Голос вдруг осип, будто она произнесла не короткую фразу, а говорила уже часа четыре кряду. Раньше, когда она звонила ему, он в ответ только призывал еще потерпеть и уверял, что незамедлительно даст знать о малейшем прояснении. Вряд ли сегодня она услышит что-то иное.
Но, слава Богу, на этот раз его ответ всколыхнул в ней надежду.
– Удивлен, что вы позвонили. Я как раз набирал ваш номер, но телефон был занят. Только, пожалуйста, не волнуйтесь. Я узнал, где они. По крайней мере, в каком регионе Их фотографии опознал водитель автобуса дальнего следования. – О'Брайен помолчал, и в наступившей тишине она слышала, как шелестят его бумаги. – Он сказал, что они ехали в Нью-Йорк. Но…
– В Нью-Йорк! Сюда? – Сердце замерло.
– …но шансы отыскать пару беглянок в таком огромном городе должен вам сказать, равняются одному на миллион. Они все равно, что канули в океан. Можете мне поверить.
– Это означает, что вы отказываетесь? – В ней все забурлило от негодования, и сердце забилось у самого горла, словно вспугнутая птица.
– Как вам будет угодно. Но если хотите знать мое мнение лучше всего сидеть и ждать. Рано или поздно они так намучаются, что сами позвонят домой.
«Как бы не так! – подумала Долли. – Куда домой? Он не знает, что такое Вэл Каррера».
Она велела ему продолжать поиски. И черт с ними, с расходами (этого она ему не сказала). Хотя бы будет какая-то надежда. Но повесив трубку, тяжело задумалась.
Нет, на О'Брайена рассчитывать не стоит. Он не верит в успех дела. Надо придумать что-то еще. Так или иначе ей надо самой приниматься за поиски. Делать что-нибудь. И тогда может прийти нужная идея.
Долли сидела в маленьком кабинете на верхнем этаже своего магазина. Встав из-за стола, подошла к холодильнику, где помещался ее НЗ. Сквозь чистую стеклянную панель виднелись коробки, уложенные на сетчатых полках. Четырнадцать градусов. Достаточно, чтобы избежать конденсата и сохранить драгоценный шоколад от таяния и побурения. Она по опыту знала, что хороший шоколад требует не меньшего ухода, чем хрупкий цветок орхидеи или гортензии. Его также надо холить и лелеять.

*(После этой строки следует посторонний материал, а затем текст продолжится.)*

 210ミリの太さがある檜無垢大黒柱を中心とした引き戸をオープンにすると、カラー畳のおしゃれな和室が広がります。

Она еще раз просмотрела накладную. Какие подлецы, ведь все было прямо от Бушонов. Во что превратились теперь конфеты с темным шоколадным кремом и коньяком, которые всегда заказывает миссис Ван Дайн? Каждый четверг, будь дождь или солнце, ее вечно улыбающийся водитель-филиппинец приезжает на огромном допотопном «пакарде», чтобы купить фунт этих конфет. По слухам, старушка живет только шоколадом и шампанским. Чем будет отчитываться перед ней этот на редкость преданный слуга? Может предложить ему взамен начинку с бурбоном?
А Пти-Кёр, сердечки из горького шоколада с арахисом и начинкой крем-фрэш, которые пользуются самым большим спросом, и не только на Валентинов день! На следующую субботу ей заказано восемь коробок к свадьбе в «Карлейле», а здесь не наберется и на одну.

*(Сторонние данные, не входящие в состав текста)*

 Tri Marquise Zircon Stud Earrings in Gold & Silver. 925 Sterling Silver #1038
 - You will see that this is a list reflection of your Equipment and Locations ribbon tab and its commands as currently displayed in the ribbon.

Да что там говорить – вообще ничего нет. Ни конфет с начинкой пралине, ни «Нуа карак» ни чудесных маленьких «Эскарго нуар» в форме улиток с темным кофейным кремом. Боже правый, а завтрашние переговоры, которых она добивалась чуть ли не целый год? Разве можно вести диалог с поставщиком продуктов для дворца Плаза без фирменных трюфелей от Жирода!
У нее вдруг ужасно разболелась голова. Казалось, в переносицу немилосердно давит невидимый палец. Чтобы отвлечься, стала думать о приятном. Сегодня возвращается Анри. Его самолет будет в аэропорту около пяти. Если бы она знала, что так получится, обязательно попросила бы его захватить с собой чемодан шоколада. В его парижском магазине «Ля Мезон де Жирод» (свой магазин она назвала «От Жирода») свежий шоколад делают каждый день.

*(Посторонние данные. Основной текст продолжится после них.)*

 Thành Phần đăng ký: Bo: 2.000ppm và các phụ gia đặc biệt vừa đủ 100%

Внезапно ей пришла в голову мысль. Почему бы не убить двух зайцев разом – сначала попробовать освободить из-под ареста свой заказ в личной теплой беседе с Макинтайром, а затем встретить самолет Анри.
О, какое же будет счастье снова увидеть его! И быть с ним рядом каждый день. Может быть, ему на ум придет какая-нибудь идея по поводу поисков Энни и Лорел.
Ее настроение поднялось. И даже головная боль стала утихать. Вот обрадуется Анри, когда увидит ее в аэропорту! Обычно она ждала его у себя дома, с шампанским во льду, в одной черной шелковой сорочке на теле. Ну, с шампанским-то проблем никаких – Фелипе принесет бутылку «Кристалла». Но белье на ней сейчас не совсем подходящее – черные шелковые трусики и лифчик.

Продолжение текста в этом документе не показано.